Aus der Hörakustik, Welt des Hörens
15.06.2026

Wer eine Hörminderung bemerkt, stellt sich oft schnell die Frage: Reicht ein Hörgerät nur für ein Ohr – oder sind Hörgeräte links und rechts sinnvoller? Die ehrliche Antwort lautet: Es gibt keine pauschal „richtige“ Lösung. Entscheidend sind Ihre Hörkurven, Ihr Alltag, Ihre Hörziele und manchmal auch praktische Faktoren wie Budget oder Bedienkomfort.

In diesem Artikel bekommen Sie eine klare Orientierung, wann ein Hörgerät einseitig sinnvoll ist, warum Hörgeräte für beide Ohren meist die bessere Wahl sind und welche Alternativen es bei einseitiger Taubheit gibt.

Warum die Entscheidung „ein oder zwei Hörgeräte“ so wichtig ist

Hören ist Teamwork: Ihr Gehirn verarbeitet die Signale beider Ohren gemeinsam. Genau dadurch entstehen Fähigkeiten, die viele erst vermissen, wenn sie nachlassen:

  • Richtungshören (Woher kommt ein Geräusch?).
  • Sprachverstehen in Gruppen und bei Hintergrundlärm.
  • Sicheres Wahrnehmen von Warnsignalen im Straßenverkehr oder Haushalt.

Wenn die Versorgung nicht zu Ihrer Situation passt, kann das zu Frust führen, obwohl die Technik eigentlich gut ist. Deshalb lohnt es sich, die Optionen bewusst abzuwägen.

Kann man auch nur ein Hörgerät tragen?

Ja, man kann auch nur ein Hörgerät tragen und in bestimmten Fällen ist das auch sinnvoll. Wichtig ist nur: Die Entscheidung sollte auf Basis eines Hörtests für beide Ohren getroffen werden. Denn häufig zeigt sich, dass das vermeintlich „gute“ Ohr doch schlechter ist als gedacht.

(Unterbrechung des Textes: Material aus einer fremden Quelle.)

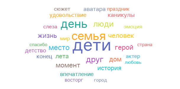 Можем заключить, что подавляющее большинство зрителей в своих сообщениях картину хвалили и делились трогательными комментариями. Чаще всего писали женщины среднего возраста (главные SMM-щицы российских домохозяйств). Многие упоминали, что посетили картину с дочерями. Малая доля зрителей (0,09%) написали посты в соцсетях о посещении картины. Один автор, как правило, говорил от лица семьи, 2 – 4 и более человек. Пожалуй, лучшей иллюстрацией станет облако слов, характерное для постов зрителей.

Ein Hörgerät für ein Ohr ist in der Regel dann ausreichend, wenn tatsächlich nur ein Ohr betroffen ist und das andere noch gut hört. Das kann z. B. nach einem Hörsturz der Fall sein oder durch eine einseitige Geräuschbelastung entstehen.

Merke: Einseitig versorgen heißt nicht „weniger wichtig“, sondern „gezielt passend“ – aber nur, wenn die Voraussetzungen auch stimmen.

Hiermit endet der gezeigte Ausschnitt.